Enormous black hole in Milky Way galaxy appears to be hungry
The supermassive black hole at the center of the Milky Way galaxy is suddenly gorging on interstellar snacks, according to researchers, who can’t explain why it’s suddenly so hungry.
“We have never seen anything like this in the 24 years we have studied the supermassive black hole,” said UCLA professor Andrea Ghez, co-senior author of the study, published in Astrophysical Journal Letters. “It’s usually a pretty quiet, wimpy black hole on a diet. We don’t know what is driving this big feast.”
Black holes enjoy meals of cosmic dust and gas, sometimes stolen from stars. Their seemingly limitless consumption of space matter causes an immense amount of energy (radiation) to be emitted from the vortex, which gives the black hole its signature ring of light.

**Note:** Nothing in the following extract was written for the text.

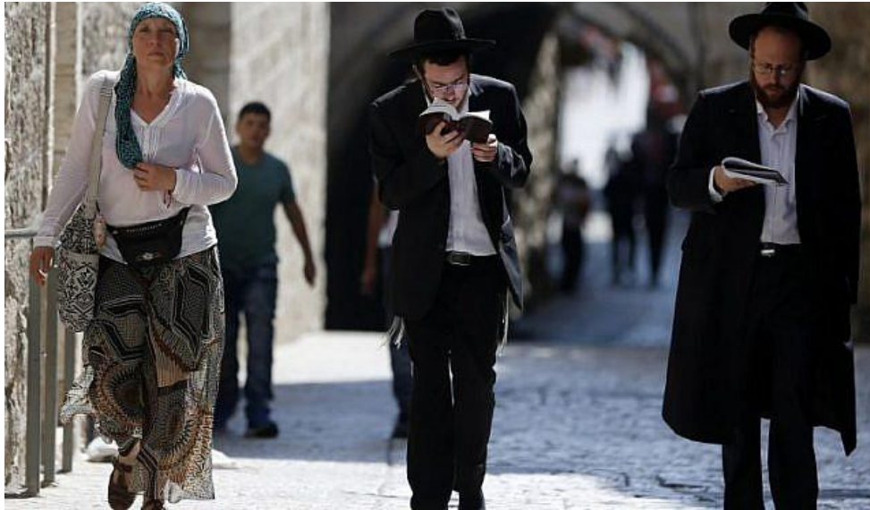
Υπερορθόδοξοι Εβραίοι Haredi.

Οι παρευρισκόμενοι έριξαν μεγάλο μέρος της ευθύνης στους «Zilbermans», μέλη μιας λιθουανικής υπερορθόδοξης κοινότητας 300 οικογενειών στην Παλιά Πόλη, που διακρίνεται από τις άλλες κοινότητες Haredi με τη μοναδική τους προσέγγιση στη μελέτη της Τορά που περιλαμβάνει ακραίες Σιωνιστές αντιλήψεις. Αλλά και πολλοί Ισραηλινοί αξιωματούχοι πιστεύουν, ότι οι Χριστιανικές Εκκλησίες συχνά το παρακάνουν, καταθέτοντας ένα είδος ρητορικού φόρου στην Παλαιστινιακή Αρχή σε βάρος του Ισραήλ, για να εξασφαλίσουν την στήριξη και ευημερία των Παλαιστινίων, που αποτελούν το ποίμνιό τους. Θεωρούν ακόμη, αν και οι επικεφαλής πολλών εκκλησιών είναι συχνά Ευρωπαίοι, οι εκκλησίες και οι ιερείς είναι κυρίως Παλαιστίνιοι και οι τοπικές εκκλησίες είναι γεμάτες με παλαιστινιακή θεολογία απελευθέρωσης. Σε αυτό το σχολείο, οι Σιωνιστές Εβραίοι παίζουν το ρόλο των καταπιεστικών Ρωμαίων και οι Παλαιστίνιοι ταυτίζονται με τον Ιησού.

On May 13, the team of researchers discovered that the glowing area around the black hole’s event horizon — the “point of no return” — was suddenly shining twice as bright. Ghez calls the finding “unprecedented,” and scientists question whether the phenomenon marks a singular event or the beginning of a new phase for the galactic behemoth.
“The big question is whether the black hole is entering a new phase — for example, if the spigot has been turned up and the rate of gas falling down the black hole ‘drain’ has increased for an extended period — or whether we have just seen the fireworks from a few unusual blobs of gas falling in,” said UCLA professor and co-senior author Mark Morris.
Our nearest black hole, called Sagittarius A* or Sgr A*, was so unusually bright that lead author Tuan Do initially mistook it for nearby star S0-2. They now hypothesize that the sudden burst of brightness may have been caused by S0-2’s recent brush with the celestial vacuum in 2018. A similar theory involving an interstellar object known as G2, thought to be two stars stuck together, may have similarly been stripped of star matter during a run-in with Sgr* A in 2014.
Morris adds that the rare pyrotechnics may also have been just a few tasty asteroid morsels who crossed paths with Sgr A*.
Researchers assure that our nearest black hole is still not hungry enough to threaten humanity. At some 26,000 light years away, Do says the light they observed would have to be 10 billion times brighter to impact life on Earth.
Earlier this summer, the same UCLA team showed how the recent interactions between S0-2 and the black hole support Albert Einstein’s 1915 theory of general relativity.